In his phone call with President Vladimir Putin on Saturday, President Barack Obama warned his Russian counterpart of “greater political and economic isolation” following the gross violation of Ukraine’s territorial integrity and political sovereignty. For Obama, this crisis is not simply about the future of Ukraine, or that of greater peace and security in Europe. Putin’s use of force in Crimea undermines a key post-Cold War agreement on the denuclearization of Ukraine and threatens the United States’ longstanding global nonproliferation agenda.

When the Soviet Union was breaking apart, a debate ensued within the George H.W. Bush administration regarding the fate of strategic nuclear weapons stationed in Belarus, Kazakhstan, and Ukraine. Then-U.S. Secretary of State James Baker persuaded the president that the United States should aggressively seek the removal and transfer of those weapons to Russia for the overall stability of the region. 

As part of Ukraine’s agreement to do so, the Clinton administration worked alongside the United Kingdom and Russia to forge the 1994 Budapest Memorandum, committing under the principles of the 1975 Helsinki Final Act to uphold Ukraine’s territorial integrity and political sovereignty and agreeing not to engage in economic coercion. Ukraine’s last nuclear weapons left its soil in 1996, thereby removing any possible deterrent against external aggression.

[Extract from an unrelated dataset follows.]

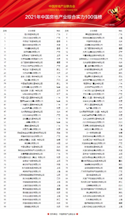 近日,2021年中國房地產(chǎn)業(yè)綜合實力100強(qiáng)排行榜發(fā)布,這是中國房地產(chǎn)業(yè)聯(lián)合會對房地產(chǎn)行業(yè)進(jìn)行全面、科學(xué)、獨立的企業(yè)實力發(fā)展調(diào)查研究宣傳發(fā)布工作。通過對全國34個。▍^(qū)、市)超過3000家利潤總額在1億元至800億元之間的中國房地產(chǎn)開發(fā)企業(yè)進(jìn)行了數(shù)據(jù)采集研究,比照國際上通行的做法,主要根據(jù)營業(yè)收入、資產(chǎn)總額、利潤總額、資信等級、社會貢獻(xiàn)、業(yè)主滿意度等指標(biāo)分析確定候選企業(yè),邀請100位企業(yè)高管、學(xué)者及官員對經(jīng)資格審核符合要求的企業(yè)進(jìn)行綜合評分,并對部分候選企業(yè)進(jìn)行實地拜訪,從中遴選出100家中國房地產(chǎn)業(yè)綜合實力100強(qiáng)企業(yè)。在此基礎(chǔ)上通過與世界500強(qiáng)企業(yè)進(jìn)行綜合對比分析,進(jìn)而有針對性地提出促進(jìn)中國房企做強(qiáng)做大做久的策略建議,在全國范圍內(nèi)形成了巨大的社會影響力。

The Russian military’s deployment into Crimea should revive doubt in any budding or current nuclear weapons state about the value of external guarantees and thus strengthen the argument for nuclear weapons possession. The Obama administration must respond forcefully by seeking to isolate Russia within the United Nations and the Organization for Security and Cooperation in Europe; expanding sanctions against Russia’s elite under the Sergei Magnitsky Rule of Law Accountability Act and freezing assets; ending the fiction of the G8; and reaffirming NATO’s role to protect member states from threats to security.  

Some in the United States worry that a tough response will provoke Russia into not supporting the U.S. effort on Syria and Iran. But Russian policy on Syria and Iran has never been about helping the United States. Rather, Russia has merely pursued its own interests throughout. It has done everything it can to ensure President Bashar al-Assad’s survival. Moreover, while Russian sanctions on Iran were significant, a future agreement on the cessation of Iran’s nuclear weapons program now rests overwhelmingly on the course of U.S.-Iran bilateral discussions. 

Isolating Russia over its actions in Ukraine is essential not only for European peace and security and the upholding of international law, but for the future of nuclear nonproliferation.